DESCRIPTION OF THE TASK -
For the records below, copy exactly the span that begins at the line containing "Organische Lichtroze oorbellen" and stops after the line containing "Le bracelet Gaïa", minus any pictures.
━━━━━ EXERCISE INPUT
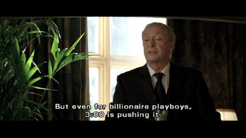 [Bruce] Bats are nocturnal. [Alfred] Bats may be. But even for billionaire playboys, 3:00 is pushing it. The price for leading a double life, I fear. Your theatrics made an impression.
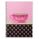 Girly Teacup Pink and Brown Polka Dot Bow and Name Notebook
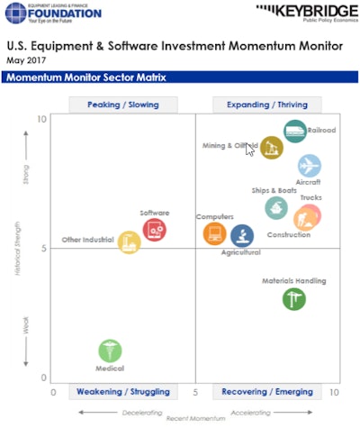 According to the Equipment Leasing & Finance Foundation (Foundation) Q2 Equipment Leasing & Finance Economic Outlook Report, elevated business confidence will boost growth and equipment and software investment will expand by 2.8% in 2017 in most verticals.
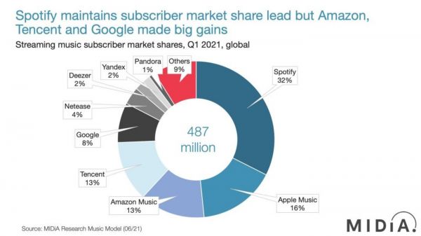 根据MiDIA发布报告称, 2021年第一季度全球音乐流媒体付费订阅用户总量是4.67亿。其中,Spotify付费用户量最高,约1.5亿,占市场份额32%,Apple Music付费用户量约7400万,占16%,腾讯音乐和亚马逊音乐的付费用户量超过6000万,各占13%。
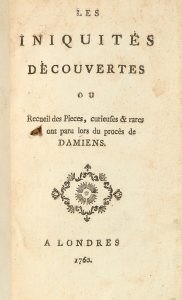 titre et de tomaison fauves, tranches rouges (reliure de l'époque). du ,12-au format in ,Edition originalerecueil des pièces du procès de Damiens. Joint, en reliure uniforme : - [GROSLEY (Pierre-Jean)]. Les Iniquités découvertes ou Recueil des pièces, curieuses & rares qui ont paru lors du procès de Damiens. Londres, 1760. CE R D IT IO N ORIGINALE DE ÉECUEIL DE 5 PIECES SUR LE PROCES DAMIENS. Trois des pièces reviennent à Pierre-Jean Grosley : "contenant des faits calomnieux ; faux dans leur substance, dans leur énoncé & dans leurs circonstances ; tendans à émouvoir les esprits ; contraires au respect du à la Magistrature ; & composez dans le dessein criminel d'altérer la juste confiance qui lui est duë”, celles-ci furent condamnées au feu. "Il est a remarquer que la Grande-Chambre a eu plus à creur de se venger en condamnant les trois ecrits au feu, que de se purger des accusations graves intantées contre elle par ces ecrits”, lit-on en fin d'ouvrage. Reliure modeste. Trou sur le titre des Iniquités découvertes, avec perte d'un mot.
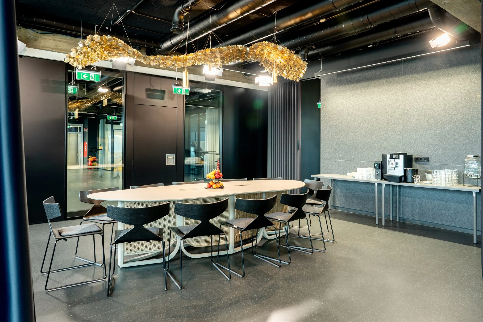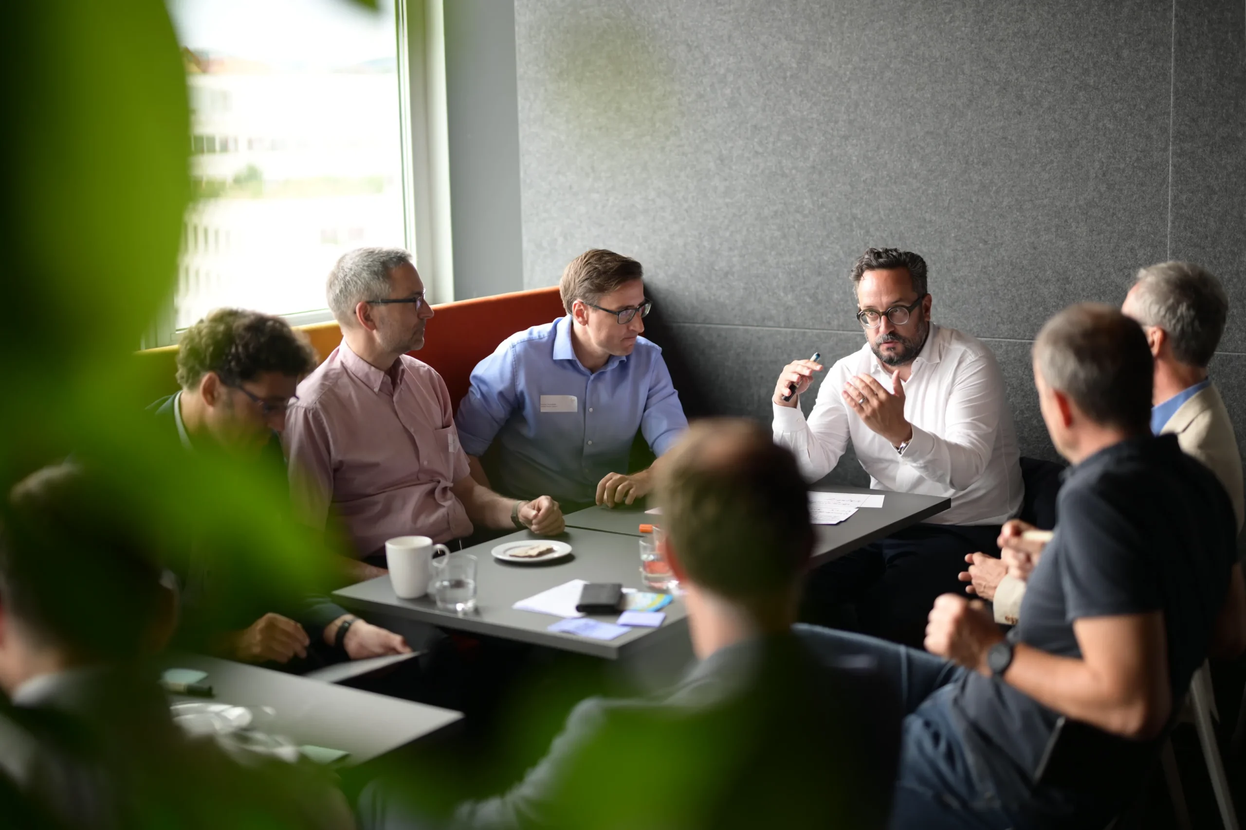 Unser klimatisierter Veranstaltungsraum hat viel Tageslicht durch Panoramafenster und ist modern eingerichtet. Er kann flexibel für verschiedene Setups eingerichtet werden und hat topmoderne A/V Systeme für Präsentationen und hybride Events. Der Raum ist komplett ausgestattet für interaktive Workshops, einschließlich Flipcharts, Whiteboards, Bildschirme und Moderationskits. Unser Veranstaltungs-Support Team vor Ort sorgt von der Ankunft bis zur Abreise für einen reibungslosen Ablauf.
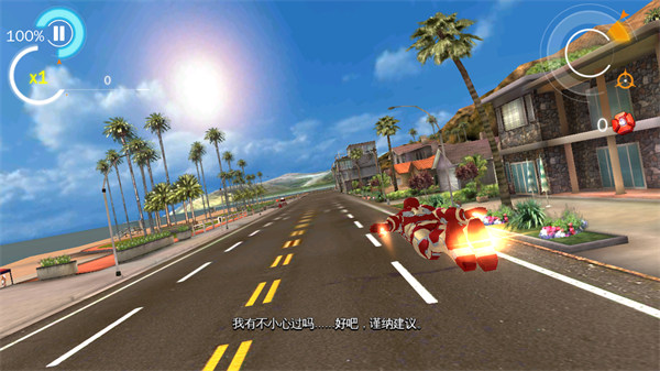 5、当我们设置好之后,进入游戏,便可看到钢铁侠正在飞行,接受任务。
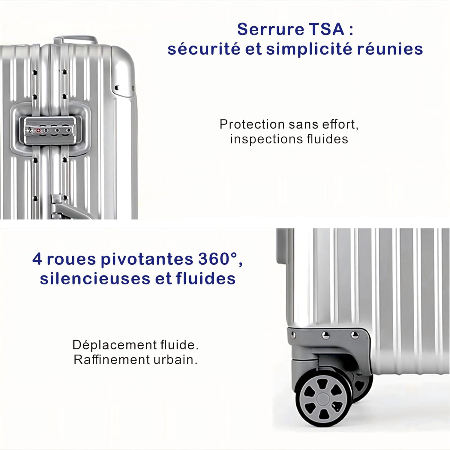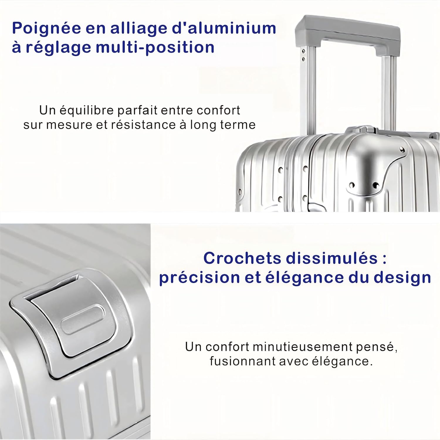 Soyez le premier à laisser votre avis sur “Valise Cabine · 4 Roues · Serrure TSA · Poignée Télescopique Réglable · Valise entièrement en 100% Aluminium ·S-57.5cm · 45L · Argent”
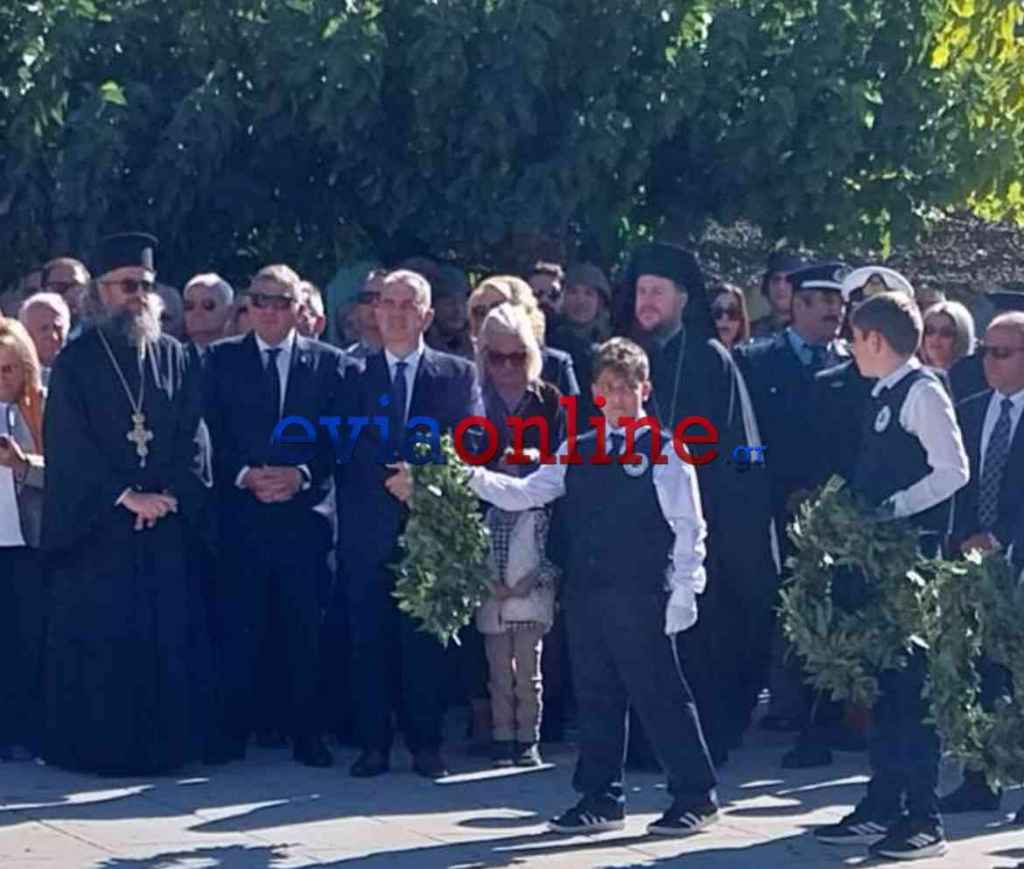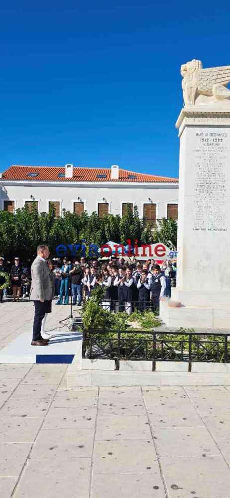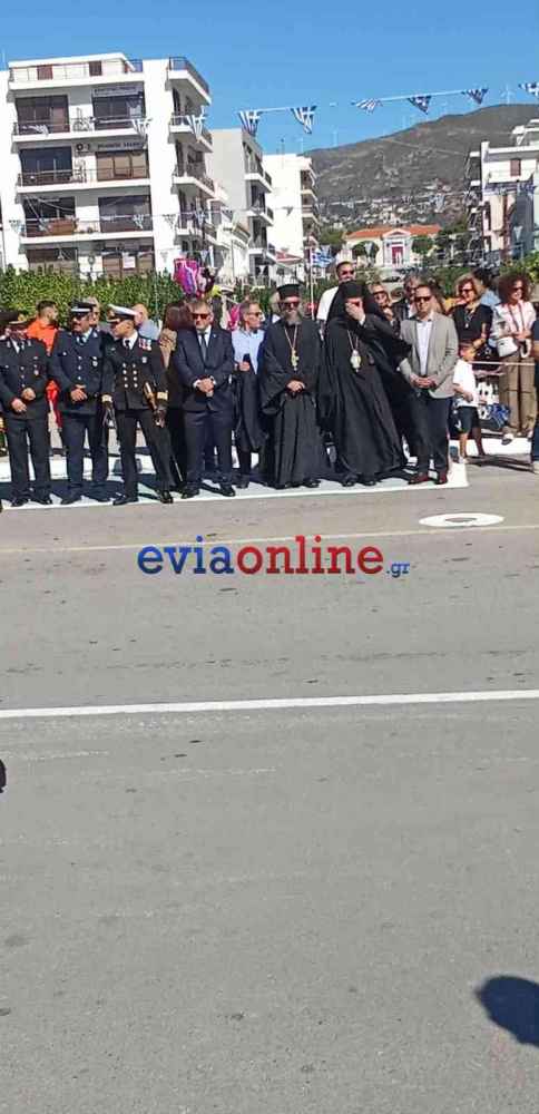 Με λαμπρότητα εορτάζεται στην Κάρυστο η επέτειος του ΟΧΙ στους Ιταλούς και του Αλβανικού έπους που ακολούθησε. Πριν από λίγο μετά την επιμνημόσυνη δέηση, και την κατάθεση στεφάνων στην μνήμη όσων χάθηκαν για την προάσπιση της πατρίδα μας ο Δήμαρχος Λευτέρης Ραβιόλος , ο αντιπεριφερειάρχης Β. Κούκουζας, ο πρόεδρος της κοινότητας Καρύστου Βαγγέλης Σπύρου, εκπρόσωποι των σωμάτων ασφαλείας και φορείς της περιοχής παρακολουθούν την εντυπωσιακή παρέλαση .
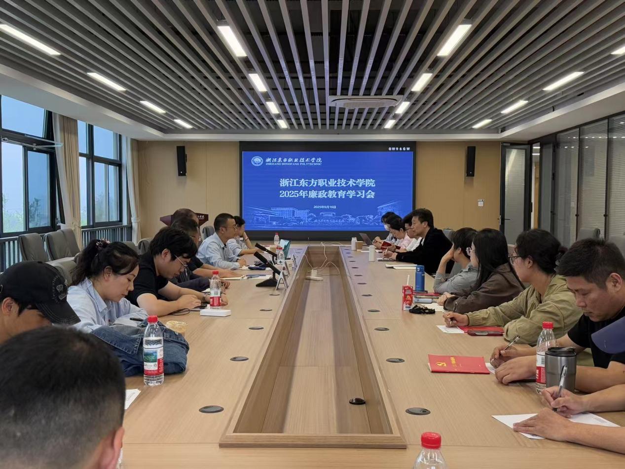 参观结束后,全体人员在浙江东方职业技术学院文成学院召开廉政教育学习会,观看廉政警示教育片《揭开腐败隐身衣》。真实深刻的案例,给在场每位党员敲响了廉洁警钟。纪检室林贤崇副主任以案说纪,讲解《中国共产党纪律处分条例》,剖析高校领域违反廉洁纪律典型案例,涉及违规公款吃喝旅游、公车使用、礼品礼金收受等问题,强调“四风”问题必须严抓不放、常抓不懈。
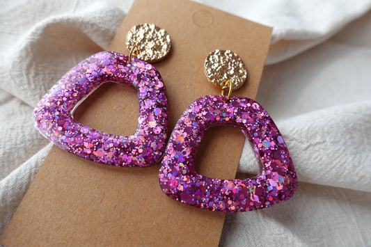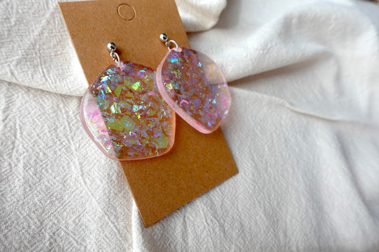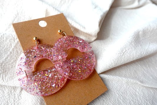 Organische Lichtroze oorbellen met glitter - statement oorbellen
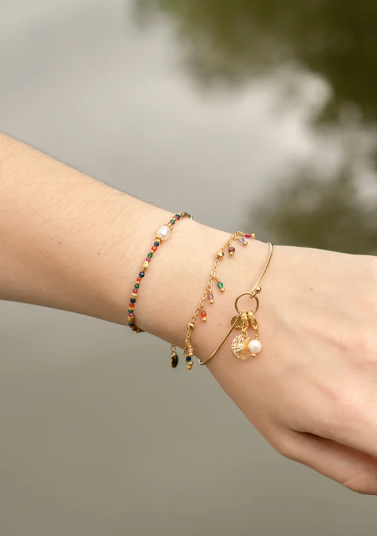 Le bracelet Gaïa est fabriqué à la main dans mon atelier, Il est composé d’une multitude de pierres semi-précieuses multicolores, de perle d’eau douce et de perles dorées,
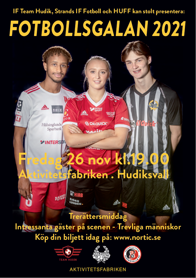 Nu tar vi tidigare HuFF-galan ett steg längre. IF Team Hudik, Strands IF och HuFF tror på samarbete och bjuder därför in till en gemensam Fotbollsgala 26 november på Aktivitetsfabriken. Kvällen bjuder på 3 rätters middag, underhållning, auktion och gäster. Galans konferencier är Pär Johansson och allt överskott delas lika mellan föreningarna. Köp din biljett via länk. https://www.nortic.se/tickets/event/34435 Varmt välkommen önskar IF Team Hudik, Strands IF & Hudiksvalls FF Div 1 Dam / TH 1 2 nov 2021 0kommentarer
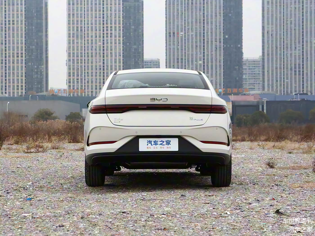 车尾部分,新款比亚迪秦PLUS DM-i配备了动感的小鸭尾造型,尾灯组采用时下流行的贯穿式设计,内部还进行了熏黑处理,点亮后也带来不错的视觉效果。此外,新车还配备了非常个性的后包围,两侧集成有扁平的雾灯,凸显出一定的立体感。
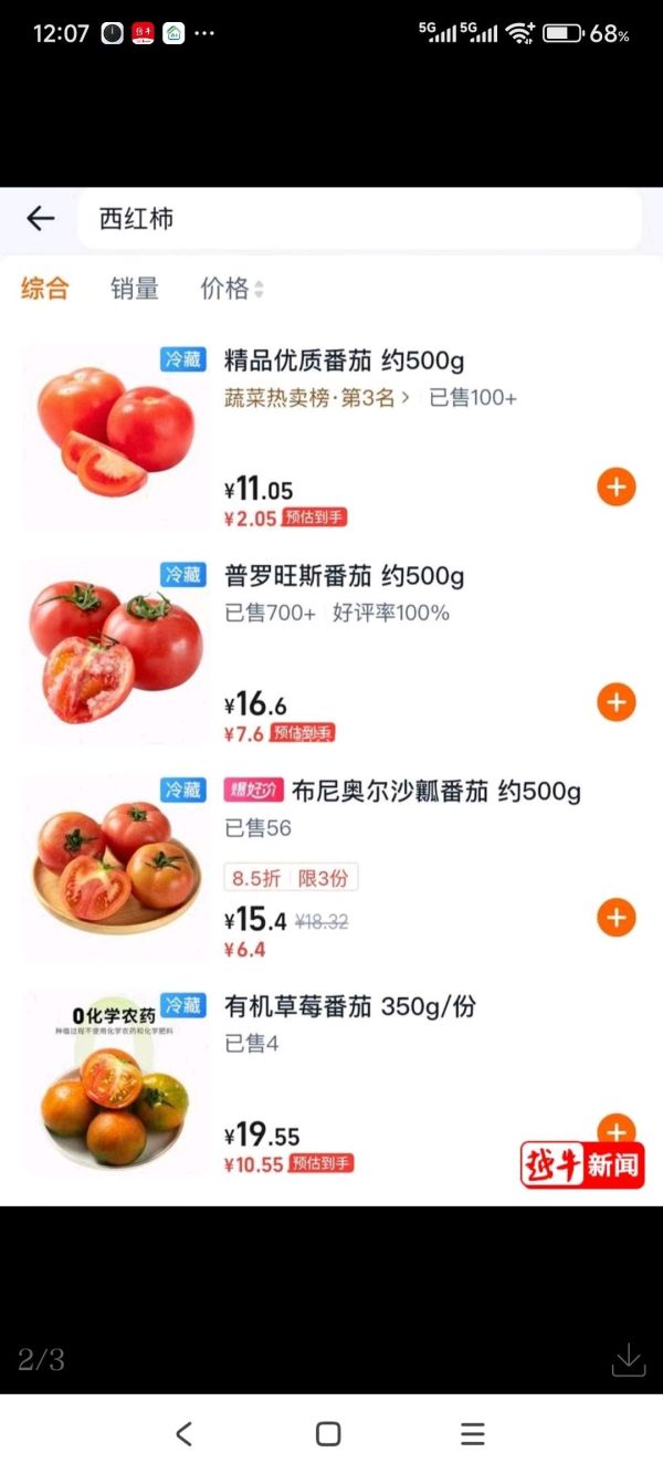 在线上买菜平台,西红柿的价格则更高一些。不考虑优惠券的话,每斤售价都在10元以上,个别包装好的精品西红柿售价达19.55元/斤。
━━━━━━━━━━
RESULT -
 Organische Lichtroze oorbellen met glitter - statement oorbellen
 Le bracelet Gaïa est fabriqué à la main dans mon atelier, Il est composé d’une multitude de pierres semi-précieuses multicolores, de perle d’eau douce et de perles dorées,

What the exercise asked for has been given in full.